──────── PROVIDED DATA

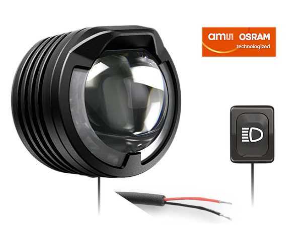 Die Fernbedienung wird neben dem rechten Lenkergriff in Reichweite des Daumens montiert. Das Scheinwerfersymbol zeigt dabei nach links. Der Taster leuchtet nicht: Die Lampe ist aus oder die Tagfahrlichtfunktion ist aktiviert; der Taster leuchtet grün: das Abblendlicht ist aktiviert; der Taster leuchtet blau: die Fernlichtfunktion ist aktiviert. Einschalten: Einschalten der Lampe an der Fernbedienung. Ausschalten: Durch längeren Tastendruck schaltet sich die Lampe aus. Leuchtprogramme: Der Helligkeitssensor ist aktiviert und schaltet automatisch zwischen Tagfahrmodus und Abblendlicht um. Hinweis: In manchen Fällen ist für den Betrieb der Lampe am E-Bike die Freischaltung des Lichtausgangs am Bike durch einen Fahrrad Händler erforderlich.
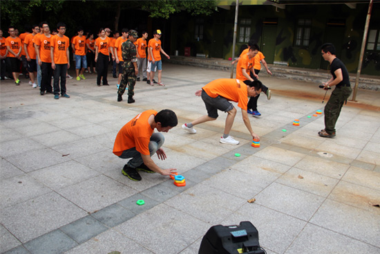 而“愚公移山”則是一個(gè)考驗(yàn)抓取核心問(wèn)題,并分解安排個(gè)人定位的項(xiàng)目。項(xiàng)目規(guī)則看似簡(jiǎn)單,只要遵守規(guī)則,把五塊由小到大的道具從一個(gè)地方移到另一個(gè)地方。但在短時(shí)間內(nèi)分配到每個(gè)人并依照規(guī)則進(jìn)行轉(zhuǎn)移,卻難住了不少隊(duì)伍。遺憾的是,八個(gè)小隊(duì)最終只有三個(gè)小隊(duì)完成了項(xiàng)目。當(dāng)然,沒(méi)完成項(xiàng)目的隊(duì)伍,隊(duì)長(zhǎng)可就辛苦啦,做了好幾十個(gè)俯臥撐……
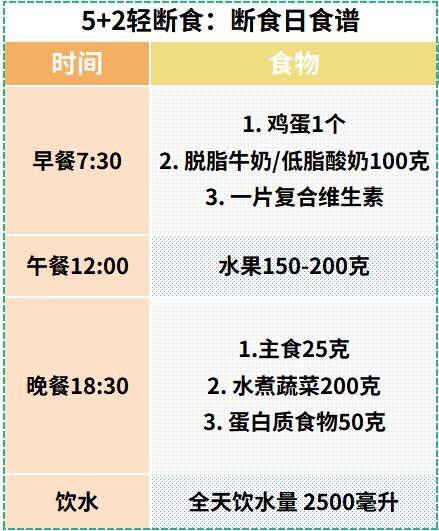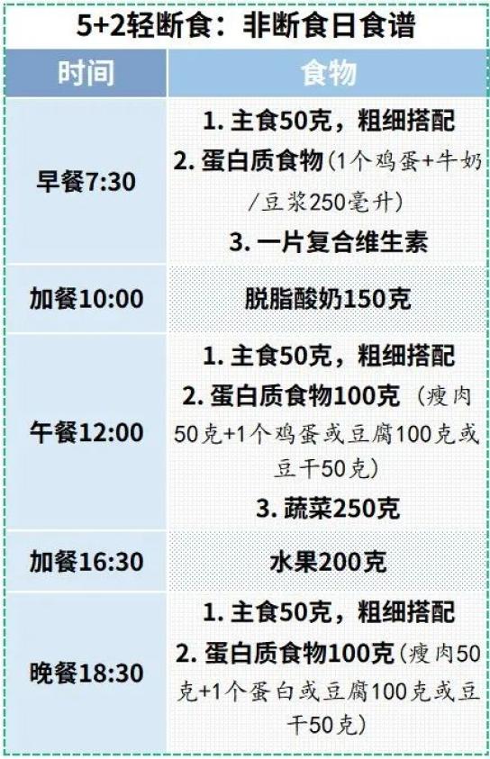 一周7天,其中5天正常进食,不连续2天少吃进行轻度禁食。请注意,这种轻度禁食并不意味着什么都不吃,而是限制了食物的摄入。微量营养素、碳水化合物、脂肪和蛋白质应按比例摄入四种营养素。
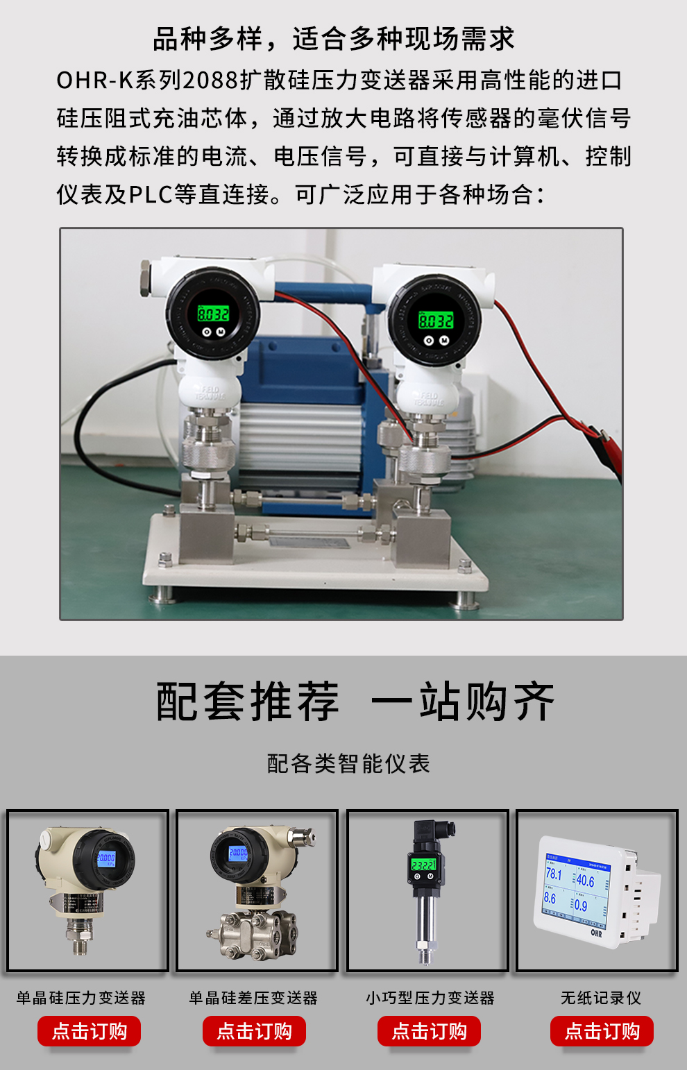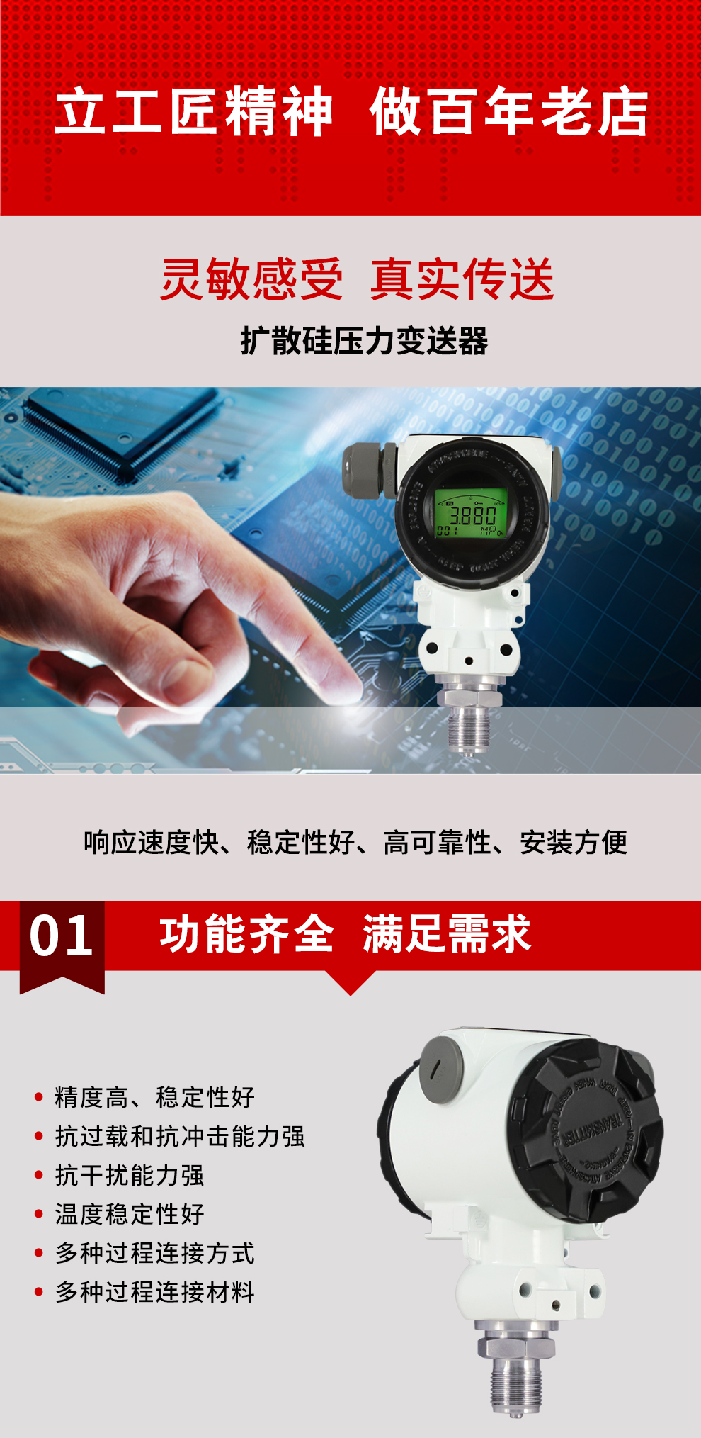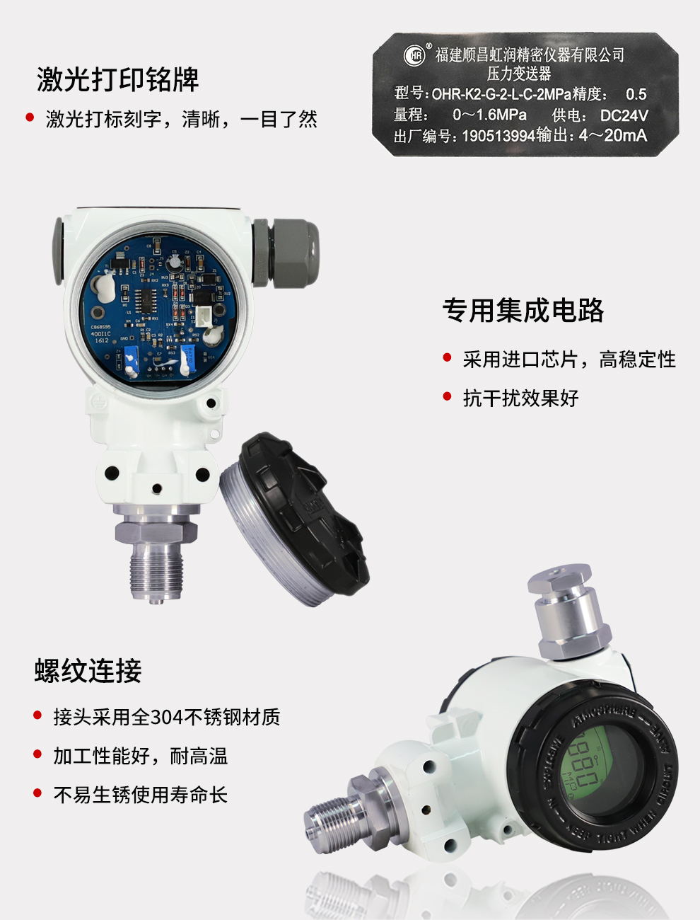虹潤(rùn)公司是專(zhuān)業(yè)生產(chǎn)壓力變送器的國(guó)家專(zhuān)精特新“小巨人”企業(yè),生產(chǎn)的擴(kuò)散硅壓力變送器,具有精度高,穩(wěn)定性好,響應(yīng)速度快,高可靠性,抗過(guò)載和抗沖擊能力強(qiáng),安裝方便等特點(diǎn)。產(chǎn)品獲得一種數(shù)字顯示低功耗壓力表、一種信號(hào)發(fā)生器裝置等2項(xiàng)國(guó)家發(fā)明專(zhuān)利,主持起草工業(yè)過(guò)程控制系統(tǒng)用模擬輸入兩位或多位輸出儀表、工業(yè)過(guò)程測(cè)量和控制系統(tǒng)用壓力/差壓變送器等2項(xiàng)國(guó)家標(biāo)準(zhǔn),通信系統(tǒng)多通道數(shù)據(jù)采集控制終端規(guī)范軍用標(biāo)準(zhǔn),以及現(xiàn)場(chǎng)設(shè)備集成等5項(xiàng)智能制造國(guó)家標(biāo)準(zhǔn)。參與國(guó)際5G標(biāo)準(zhǔn)制定,取得數(shù)顯壓力表等2項(xiàng)相關(guān)軟件著作權(quán)。產(chǎn)品廣泛應(yīng)用于化工、食品、制藥、電力、設(shè)備配套、供暖、水處理、樓宇等行業(yè),需精準(zhǔn)測(cè)量流體壓力的現(xiàn)場(chǎng)。

────────────────

WHAT NEEDS TO BE DONE.
All the lines above are to be given again exactly as they read, with the pictures removed.

EXPECTED ANSWER.
 Die Fernbedienung wird neben dem rechten Lenkergriff in Reichweite des Daumens montiert. Das Scheinwerfersymbol zeigt dabei nach links. Der Taster leuchtet nicht: Die Lampe ist aus oder die Tagfahrlichtfunktion ist aktiviert; der Taster leuchtet grün: das Abblendlicht ist aktiviert; der Taster leuchtet blau: die Fernlichtfunktion ist aktiviert. Einschalten: Einschalten der Lampe an der Fernbedienung. Ausschalten: Durch längeren Tastendruck schaltet sich die Lampe aus. Leuchtprogramme: Der Helligkeitssensor ist aktiviert und schaltet automatisch zwischen Tagfahrmodus und Abblendlicht um. Hinweis: In manchen Fällen ist für den Betrieb der Lampe am E-Bike die Freischaltung des Lichtausgangs am Bike durch einen Fahrrad Händler erforderlich.
 而“愚公移山”則是一個(gè)考驗(yàn)抓取核心問(wèn)題,并分解安排個(gè)人定位的項(xiàng)目。項(xiàng)目規(guī)則看似簡(jiǎn)單,只要遵守規(guī)則,把五塊由小到大的道具從一個(gè)地方移到另一個(gè)地方。但在短時(shí)間內(nèi)分配到每個(gè)人并依照規(guī)則進(jìn)行轉(zhuǎn)移,卻難住了不少隊(duì)伍。遺憾的是,八個(gè)小隊(duì)最終只有三個(gè)小隊(duì)完成了項(xiàng)目。當(dāng)然,沒(méi)完成項(xiàng)目的隊(duì)伍,隊(duì)長(zhǎng)可就辛苦啦,做了好幾十個(gè)俯臥撐……
 一周7天,其中5天正常进食,不连续2天少吃进行轻度禁食。请注意,这种轻度禁食并不意味着什么都不吃,而是限制了食物的摄入。微量营养素、碳水化合物、脂肪和蛋白质应按比例摄入四种营养素。
虹潤(rùn)公司是專(zhuān)業(yè)生產(chǎn)壓力變送器的國(guó)家專(zhuān)精特新“小巨人”企業(yè),生產(chǎn)的擴(kuò)散硅壓力變送器,具有精度高,穩(wěn)定性好,響應(yīng)速度快,高可靠性,抗過(guò)載和抗沖擊能力強(qiáng),安裝方便等特點(diǎn)。產(chǎn)品獲得一種數(shù)字顯示低功耗壓力表、一種信號(hào)發(fā)生器裝置等2項(xiàng)國(guó)家發(fā)明專(zhuān)利,主持起草工業(yè)過(guò)程控制系統(tǒng)用模擬輸入兩位或多位輸出儀表、工業(yè)過(guò)程測(cè)量和控制系統(tǒng)用壓力/差壓變送器等2項(xiàng)國(guó)家標(biāo)準(zhǔn),通信系統(tǒng)多通道數(shù)據(jù)采集控制終端規(guī)范軍用標(biāo)準(zhǔn),以及現(xiàn)場(chǎng)設(shè)備集成等5項(xiàng)智能制造國(guó)家標(biāo)準(zhǔn)。參與國(guó)際5G標(biāo)準(zhǔn)制定,取得數(shù)顯壓力表等2項(xiàng)相關(guān)軟件著作權(quán)。產(chǎn)品廣泛應(yīng)用于化工、食品、制藥、電力、設(shè)備配套、供暖、水處理、樓宇等行業(yè),需精準(zhǔn)測(cè)量流體壓力的現(xiàn)場(chǎng)。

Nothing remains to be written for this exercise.